**Task objective:** From the data below, return only the lines from the one with "피크닉 매트 + 해먹" through the one with "2つのセラム層には、それぞれ", exact and inclusive, with pictures left out.

**Material supplied:**
---+---

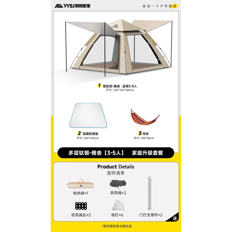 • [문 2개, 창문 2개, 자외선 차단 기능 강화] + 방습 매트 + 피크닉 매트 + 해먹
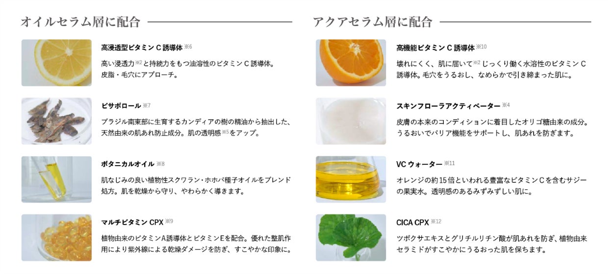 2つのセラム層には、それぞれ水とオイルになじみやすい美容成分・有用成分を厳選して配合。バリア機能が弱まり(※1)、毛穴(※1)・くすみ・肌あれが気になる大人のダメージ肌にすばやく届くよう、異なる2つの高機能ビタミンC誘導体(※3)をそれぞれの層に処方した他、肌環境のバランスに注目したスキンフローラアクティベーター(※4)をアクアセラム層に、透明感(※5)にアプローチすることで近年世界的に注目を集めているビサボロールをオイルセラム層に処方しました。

---+---

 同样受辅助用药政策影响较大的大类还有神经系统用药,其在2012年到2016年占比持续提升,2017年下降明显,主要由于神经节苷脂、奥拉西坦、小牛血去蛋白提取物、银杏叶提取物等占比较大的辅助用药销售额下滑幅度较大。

---+---

**Completed exercise:**
 • [문 2개, 창문 2개, 자외선 차단 기능 강화] + 방습 매트 + 피크닉 매트 + 해먹
 2つのセラム層には、それぞれ水とオイルになじみやすい美容成分・有用成分を厳選して配合。バリア機能が弱まり(※1)、毛穴(※1)・くすみ・肌あれが気になる大人のダメージ肌にすばやく届くよう、異なる2つの高機能ビタミンC誘導体(※3)をそれぞれの層に処方した他、肌環境のバランスに注目したスキンフローラアクティベーター(※4)をアクアセラム層に、透明感(※5)にアプローチすることで近年世界的に注目を集めているビサボロールをオイルセラム層に処方しました。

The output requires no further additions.